The current parenting styles in North America are either autocratic and controlling or one of pampering and coddling children. Kids hold the exalted position in the family in this era. Children are often protected from the reality that one must contribute, even at the youngest age.
Simple inhibiting responses such as not interrupting their parents when talking or enduring a meal that is not their favourite food are no longer practiced in most modern families. No one need agree on a TV show, now they can each watch their choice on their own screen. So you can see how it is more likely today for children to believe they are the centre of the universe. This does not prepare them well for life in the community, which is what school is all about.
It's not co-incidental then, that we see the highest rates of struggles and diagnosing of ADHD in seven year olds as they begin to fail at meeting the demands of being a student.

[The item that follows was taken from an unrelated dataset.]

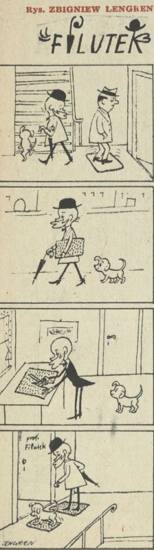 Archiwum / Profesor Filutek nr 1038 (09/1965) 08/40 Podziel się Tytuł Prof. Filutek Autor Zbigniew Lengren Rubryka Profesor Filutek Artykuł z numeru 1038 (9/1965) Data wydania 28 lutego 1965 Tagi żart rysunkowy pies Filuś wycieraczka

So how do I work with the family without prescribing medication? I help the parent develop a new authoritarian or democratic parenting style and prescribe a list of activities that will stimulate and grow the child's concern for others.

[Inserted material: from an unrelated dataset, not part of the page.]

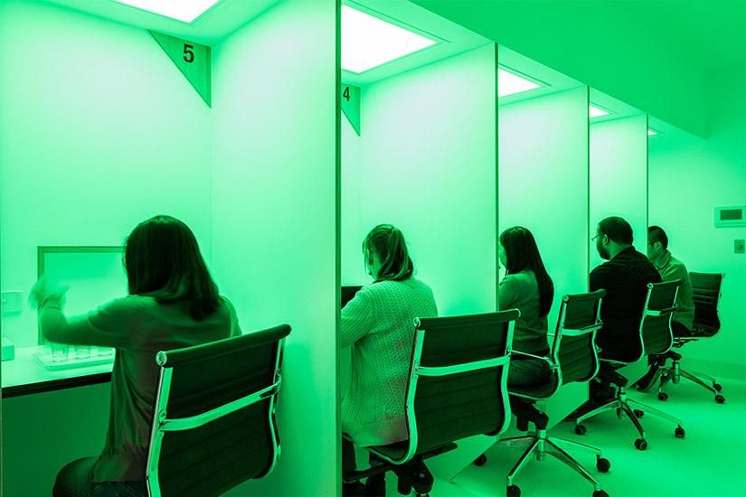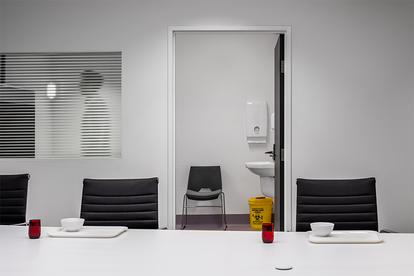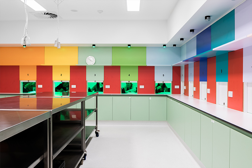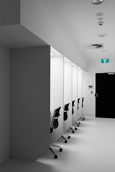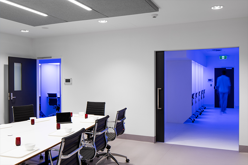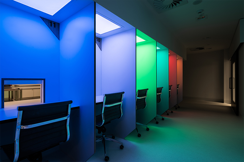The lab is designed in accordance with ISO 8589 for Sensory Analysis test rooms and to Biosecurity containment standards (for Department of Agriculture Water and Environment) as a Quarantine Approved Premises. The lab is designed with a minimal colour palette as required by the ISO standard together with colour tuneable LED lighting in booths to allow for masking of food samples.

Here are Dr. Walton's four specific ways for parents to help children learn to respect and care about the welfare of others:
1. Draw a firm line when behaviour infringes upon rights of others.
2. Do not allow yourself to be interrupted.
3. Do not allow the child to command your attention when your rights or the rights of others are being infringed upon.
4. Give opportunities to children to be a help to others, especially by inviting the child to be involved in a task that is appealing to him or her.
Now, I will give you more ways for parents to help their child develop a sense of caring for others:
1. Let your child see and hear you empathizing with the difficulties of others.
2. Have your child call, email, text or visit with a grandparent or relative in order to put some good cheer in that person's day.
3. Have your child perform a random act of kindness for another.
4. Write a note of thanks or a love note to your child.
5. Mention something you can't do alone or don't have the time to do and then invite them to help you out.
6. Discuss the challenges of being a teacher. Invite the child to do something caring for his or her teacher (draw a picture, make a treat, write a note).
7. Comment on the cooperation shown in simple ways in daily life, including the courtesy of a clerk in a store, newspaper stories showing charitable responses to a situation.
8. Model kind and caring behaviour in your own home and in how your treat your own parents and siblings.
9. Note occasional thoughtless or unkind acts observed in society and mention alternative for dealing with the situation.
10. Show affection to the child.
11. Smile whenever you can -- smiling invites connection among human beings.
Regardless of you own belief in the underlying causes and cures of ADHD, these interventions will go far in helping a difficult children who meet the criteria as they learn to care about others.
When they think of others, they improve their desire to self regulate their impulses. They may wish to stand up and leave their desk, but now they see how this disturbs others. Now they notice and care about how this negatively impacts others. They learn to watch and notice what the needs of the situation calls for, and put others before their own wishes.
Children with a good sense of social interest will wait their turn in line, do the task assigned even if it's not their favourite task, because they care about their fellow students and their teachers and the classrooms' need for order.